From June 2020 through May, the uncompleted well count has slipped by 27%, to 2,353.
“Since the Covid-19 pandemic began, E&P companies have cut capital expenditures, deployed fewer rigs, and reduced oil and natural gas production in response to lower demand and lower prices,” said researchers. “DUCs help operators produce oil and natural gas at a lower cost.”
The Permian, which stretches across West Texas and southeastern New Mexico, had 115 wells completed month/month to end May at 2,216. The Eagle Ford Shale had the second largest number of DUCs, ending May at 1,040, which was 31 fewer than in April.
The Anadarko Basin, which has seen a recent spurt of activity, saw its uncompleted well count fall from April by 19 to 861. The Bakken Shale DUCs declined by 27 to end May at 636.

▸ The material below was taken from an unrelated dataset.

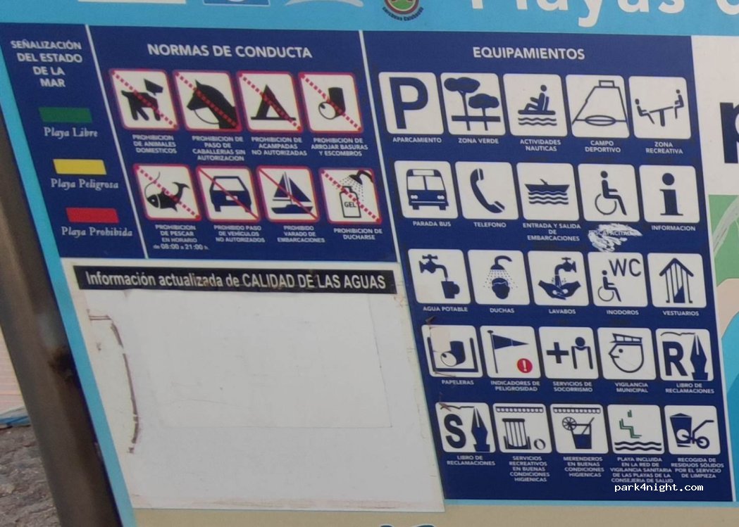 abbiamo passato una notte molto tranquilla, di fronte al mare. C'erano altri camper. A 30 metri c'è un Chiringuito con un buon menu di pesce. Non c'è passaggio frequente di auto, quasi assente (in questo periodo dell'anno perlomeno). Posto sicuro. Bagni pubblici fuori servizio. Vicino è presente un bidone per la spazzatura.

In the natural gas-rich Appalachia, the DUC count was down by 13 to end May at 577. One more well was completed in the gassy Haynesville Shale, with 384 still unfinished at the end of May. Meanwhile, the Niobrara formation of Colorado saw 41 wells removed from the DUC count to end May at 407 still awaiting completion.
EIA estimates DUCs by examining the difference between records of drilled wells and completed wells each month. The difference equals the net change in the inventory, or well count. In general, most DUCs are completed and begin producing within one year after they are drilled.
A small decline in the oil patch and a small gain in natural gas-directed drilling left the combined U.S. rig count unchanged at 470 for the week ended June 25, according to the latest figures from oilfield services provider Baker Hughes Co. (BKR).
There were 265 U.S. rigs running onshore and in the Gulf of Mexico combined in the year-ago period, according to the BKR numbers, which are based partly on data from Enverus. More than 100 rigs have been added domestically since the start of the year, data showed.
The number of fracture spreads also is climbing, based on data from Primary Vision. The consultant’s latest Frac Insights report issued last Friday indicated domestic well completions ended at 235 active spreads.
More activity is predicted in the onshore as development picks up in basins beyond the Permian, according to Prime Vision. Activity is believed to be accelerating in the Williston Basin, along the western Gulf Coast and in “some of the fringe basins”. The Anadarko “will also attract activity” as natural gas liquids pricing, exports and storage increase.
“The pace of rigs (which already has begun) will accelerate in July as DUCs are replenished or at least held constant after working through inventory over the last year or so,” Primary Vision’s team said.
“The Permian will see some additional activity over the next four-to-six weeks, but we are getting close to full utilization in the region and to bring back other spreads will require a higher price and time to repair/replace equipment and hire new labor. The trend of additions will be higher, but the pace of additions will be slower — especially when compared to rigs.”